NOMNC (Notice of Medicare Non-Coverage)
The Notice of Medicare Non-Coverage (NOMNC, Form CMS-10123) is a standardized notice that tells a Medicare patient when all covered home health services will end and explains the right to a fast appeal through a Beneficiary and Family Centered Care Quality Improvement Organization (BFCC-QIO). Agencies must deliver it at least two calendar days before covered services end, and the requirement applies to both original Medicare and Medicare Advantage patients.
Timing and delivery rules
The NOMNC must be delivered no later than two calendar days before the last covered visit. When visits are spaced more than two days apart, deliver it by the second-to-last visit. The patient or an authorized representative must sign and date the notice to acknowledge receipt; when the representative is not physically present, agencies may deliver the notice by phone, document the conversation, and mail a copy the same day. A notice signed at the final visit is late, and late or missing NOMNCs are among the most commonly cited beneficiary notice failures in home health.
How the fast appeal works
A patient who disagrees with the end of coverage contacts the BFCC-QIO listed on the notice, generally by noon of the day before services are scheduled to end. The agency must then promptly give the QIO the medical records it needs and provide the patient a Detailed Explanation of Non-Coverage (DENC, Form CMS-10124) explaining specifically why coverage is ending. The QIO issues an expedited decision. If it sides with the agency, the patient becomes financially responsible for care received after the planned end date; if it sides with the patient, covered services continue.
Who must receive a NOMNC
The NOMNC is required whenever all Medicare-covered home health services are ending for coverage reasons, and it applies to Medicare Advantage members as well as original Medicare patients, a point agencies with heavy MA census sometimes miss. It is not used for reductions in some services while others continue; that is HHCCN territory. Advance delivery also is not expected when the ending is genuinely unplanned, for example the patient is hospitalized, dies, or refuses further care, though the circumstances should be clearly documented in the record.
Common pitfalls
Watch for these recurring failures:
- Delivering the NOMNC at the last visit instead of two days ahead
- Missing signatures or missing dates, which invalidate the notice
- Forgetting Medicare Advantage patients need the notice too
- Planning discharges around weekends without accounting for appeal timelines
- Field staff unable to explain the notice, turning a rights document into a signature ritual
Building NOMNC delivery into the discharge planning workflow, triggered when the discharge date is set, prevents most of these.

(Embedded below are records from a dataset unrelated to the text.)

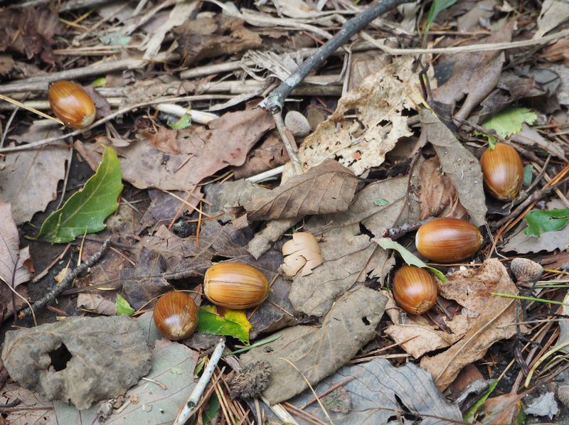 台風の風でドングリがたくさん落ちています。
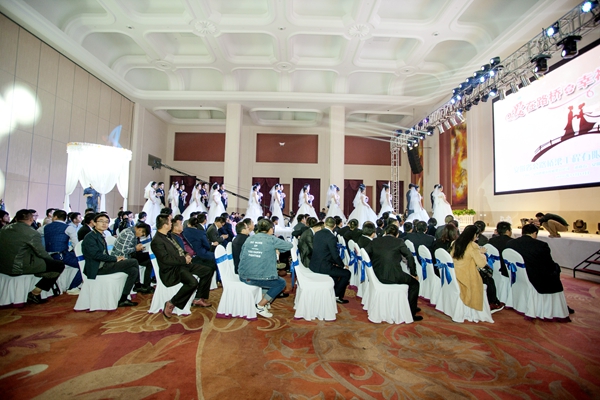 10點(diǎn)10分,一曲精妙絕倫的舞蹈《因?yàn)閻?ài)情》拉開了集體婚禮的帷幕。率先出場(chǎng)的是十二位帥氣的新郎,他們以一段酷炫的舞蹈表達(dá)了心中難以抑制的激動(dòng),將現(xiàn)場(chǎng)氣氛推向高潮。伴著優(yōu)美的樂(lè)曲,十二位美麗的新娘在眾人的注視下緩緩步入會(huì)場(chǎng),來(lái)到新郎身邊。在浪漫的婚禮進(jìn)行曲中新人們雙雙進(jìn)入禮堂,在現(xiàn)場(chǎng)觀眾的見(jiàn)證下彼此交換信物。隨后,美麗的新娘們將手中的捧花拋給在場(chǎng)的單身男女們。
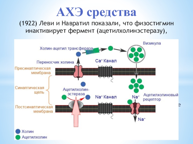 (1922) Леви и Навратил показали, что физостигмин инактивирует фермент (ацетилхолинэстеразу),
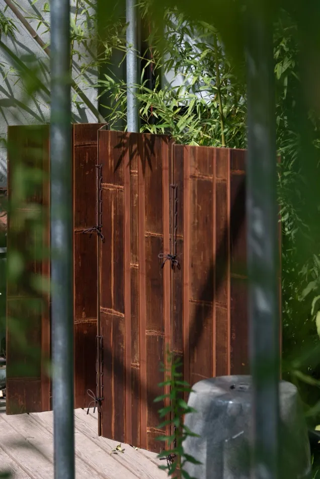 取意陶渊明「采菊东篱下」的隐逸诗境,【东篱屏风】以竹为界营造静谧空间。单扇仅6毫米,采用传统穿线工艺串联天然竹展开板,保留竹青纹理。层叠竹片在透光与遮蔽之间形成空间层次,呈现含蓄悠然的东方意境。
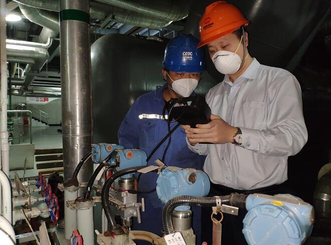 羅謝超正在檢查流量差壓變送器顯示是否正常
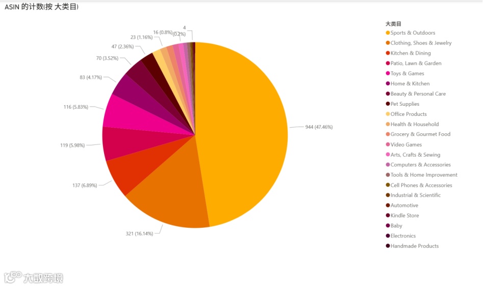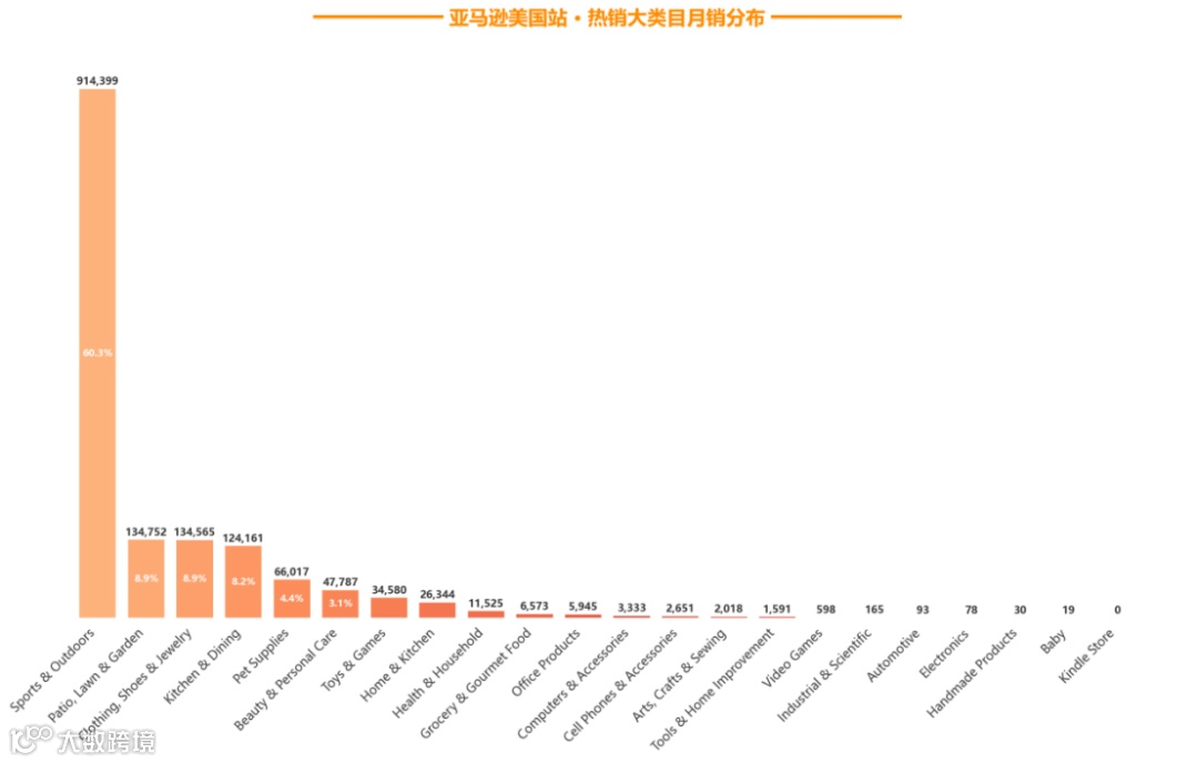 热销商品主要集中在少数几个大类目,其中运动户外类目占据绝对主导地位,无论商品数量还是销售规模均排名第一,是世界杯流量和销量的核心承载品类,足球、球迷装备等全部归属于此,他的商品数量占比接近50%,其中运动户外类目占据绝对主导地位,无论商品数量还是销售规模均排名第一,是世界杯流量和销量的核心承载品类。其次就是Clothing, Shoes & Jewelry,很多球迷都会买喜欢的球队的球服。因此球迷球衣、主题服饰、配饰等是成为世界杯核心需求,是世界杯周期内的刚需品类。
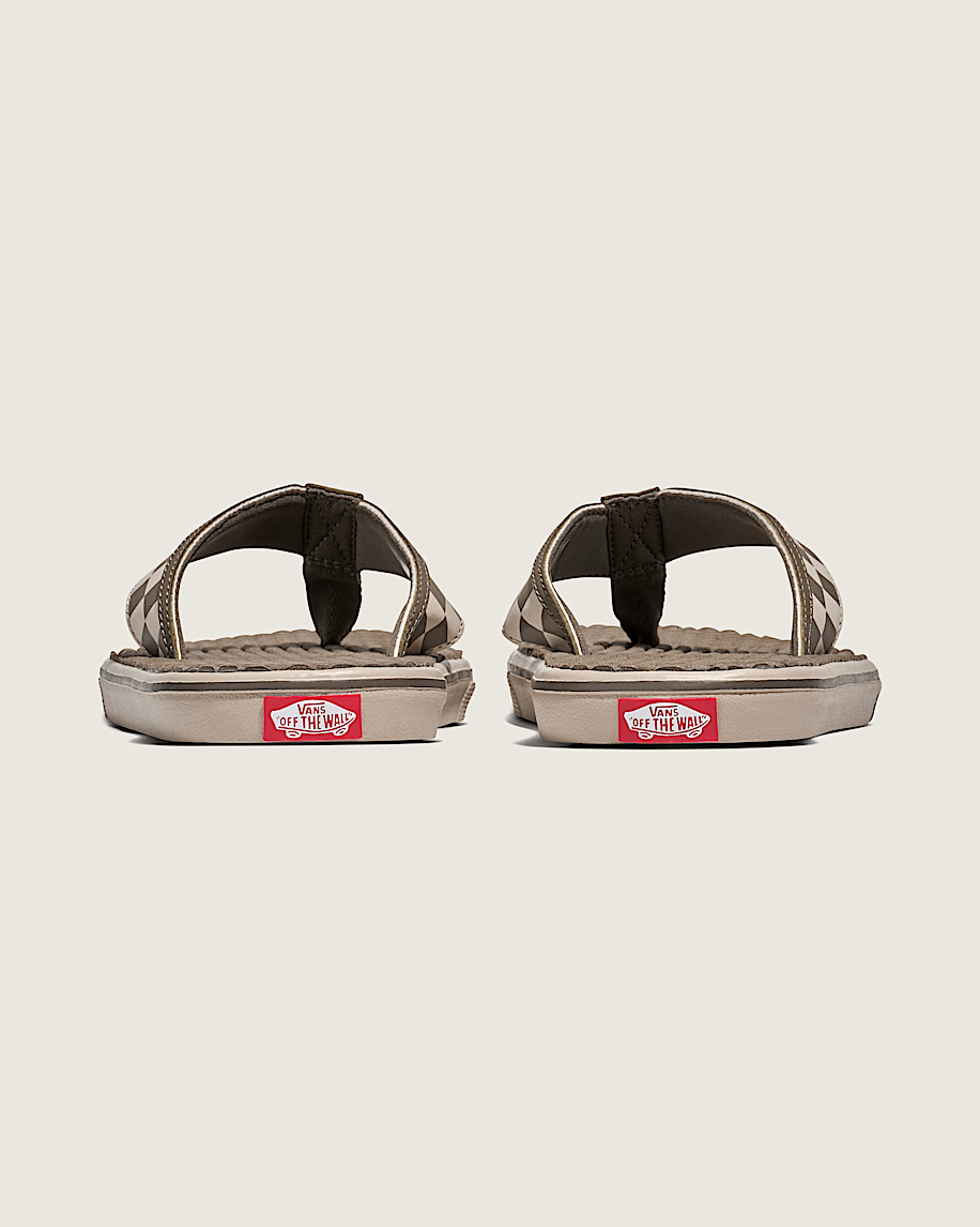 Classic Vans shoe inspired SandalSoft rubber and stretch textile liningsNylon toe pieceSynthetic Nubuck strapsLightweight, flexible, and durable UltraCush™ Lite waffle outsolesSubtle waffle pattern on the footbedCheckerboard branding is unmistakably VansMade with water-based inks and glues
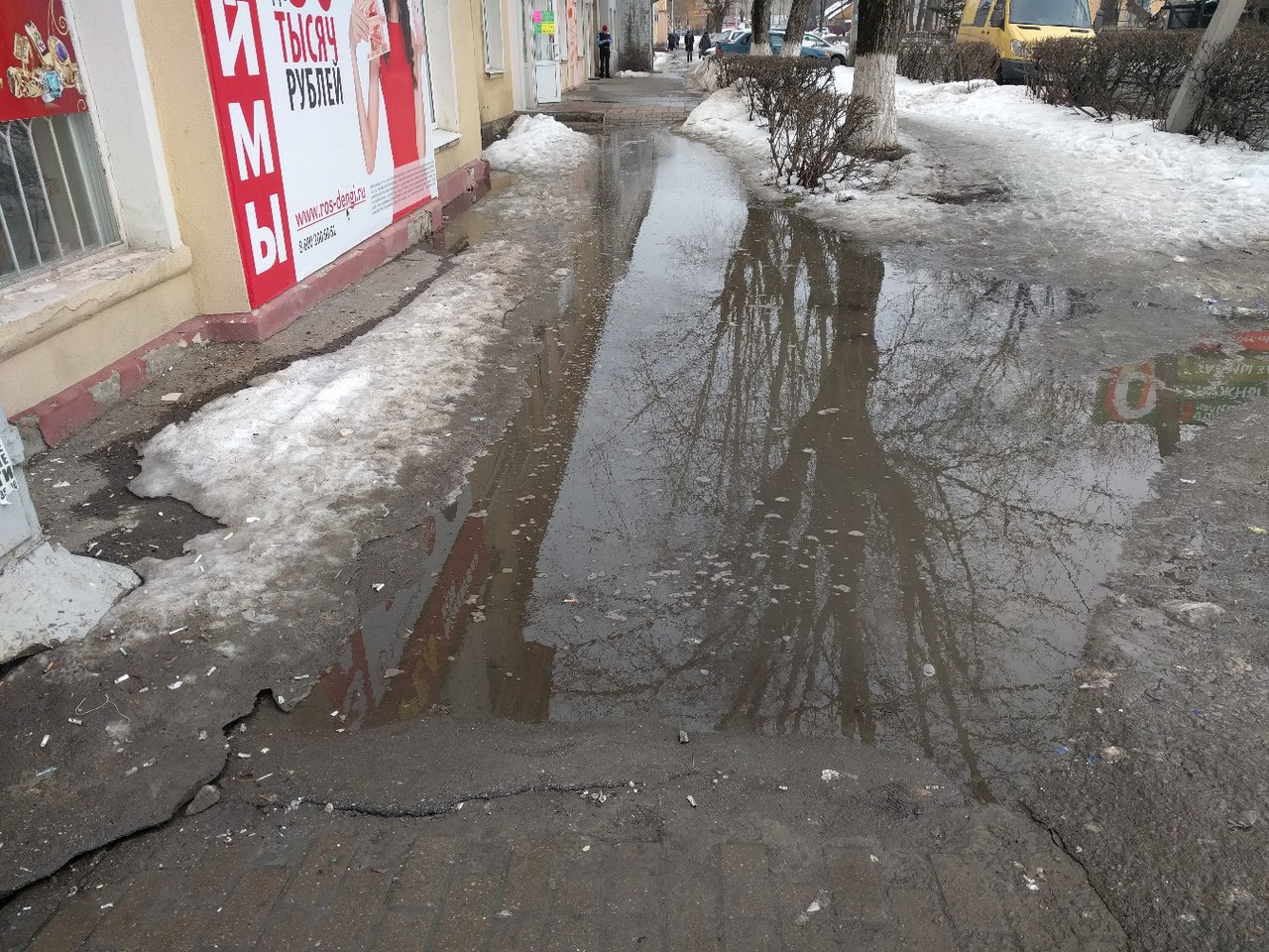 Даже центральные улицы оказались затопленными. Людям приходится выходить на проезжую часть, чтобы обойти огромные лужи, которые местами в размере достигают десятков метров. Местные жители уверены, что во всём виноваты районные власти. По их словам, зимой на Володарке тротуары практически не расчищались от снега.
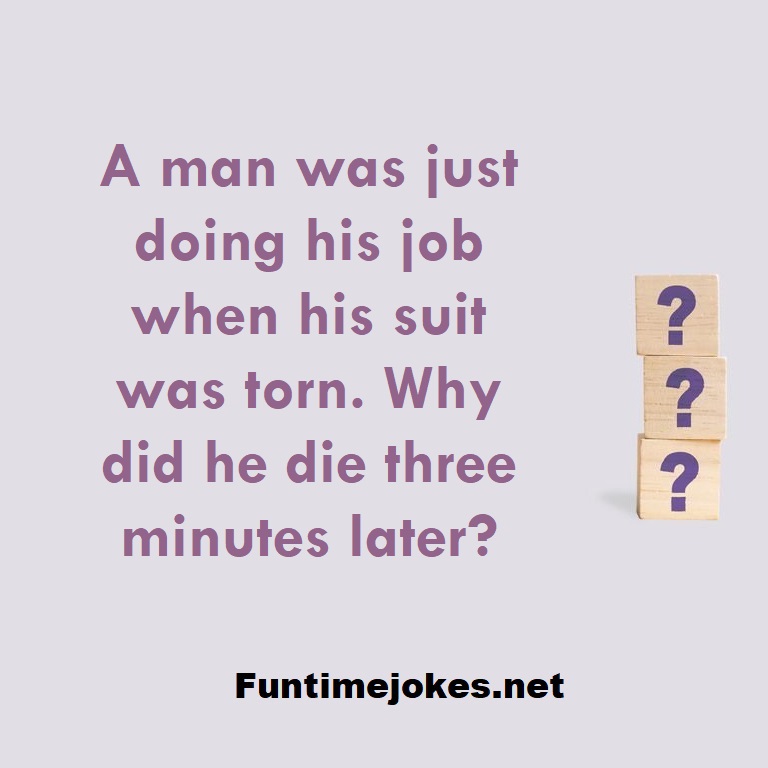 A man was just doing his job when his suit was torn. Why did he die three minutes later? is one of the best riddle of the day.We have best collections of riddles, You can see our best collection of Tricky Riddles with Answer
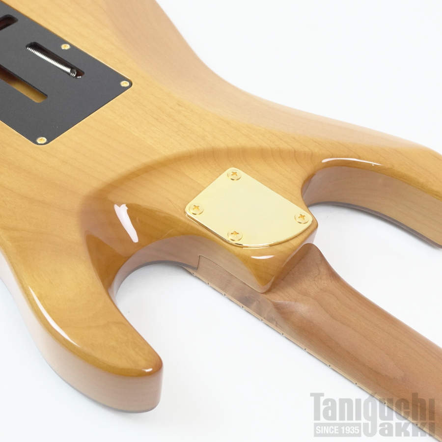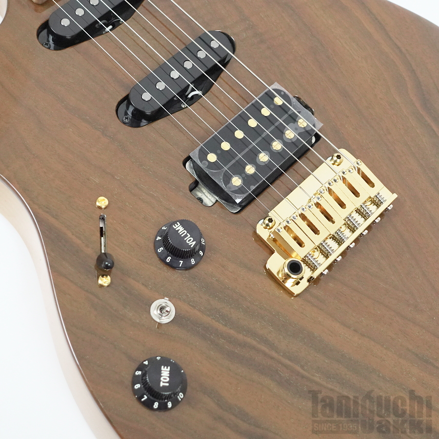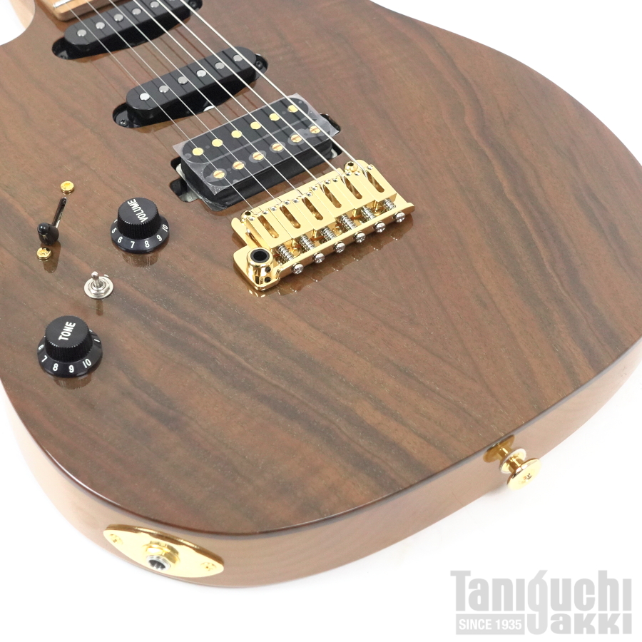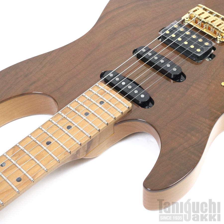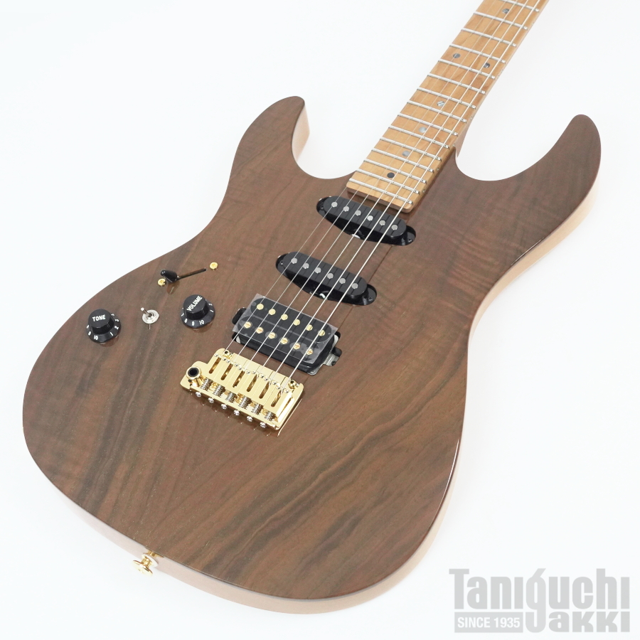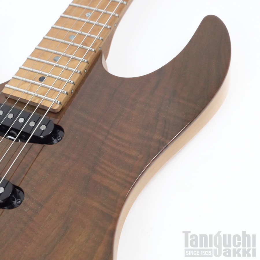 ボディバックにアルダー、トップにクラロウォルナット、ネックと指板にローステッド・メイプルを使用。ノンピックガードで杢目を大胆に魅せるエキゾチックなルックスが印象的です。

Frequently asked questions
Does the NOMNC apply to Medicare Advantage patients?
Yes. Medicare Advantage members are entitled to the same notice and expedited appeal process when all covered home health services end, and MA plans expect contracted agencies to deliver it on time.
What happens if the patient files a fast appeal?
The agency promptly sends the QIO the relevant records and gives the patient a Detailed Explanation of Non-Coverage (DENC). The QIO issues an expedited decision, and the patient generally is not liable for continued care before the decision when the appeal was filed on time.
Do we issue a NOMNC if the patient is hospitalized or refuses care?
Advance notice is not expected when services end unexpectedly, such as a hospitalization, death, or the patient's own decision to stop care. Document the circumstances thoroughly, since surveyors and plans will look for the reason no NOMNC was delivered.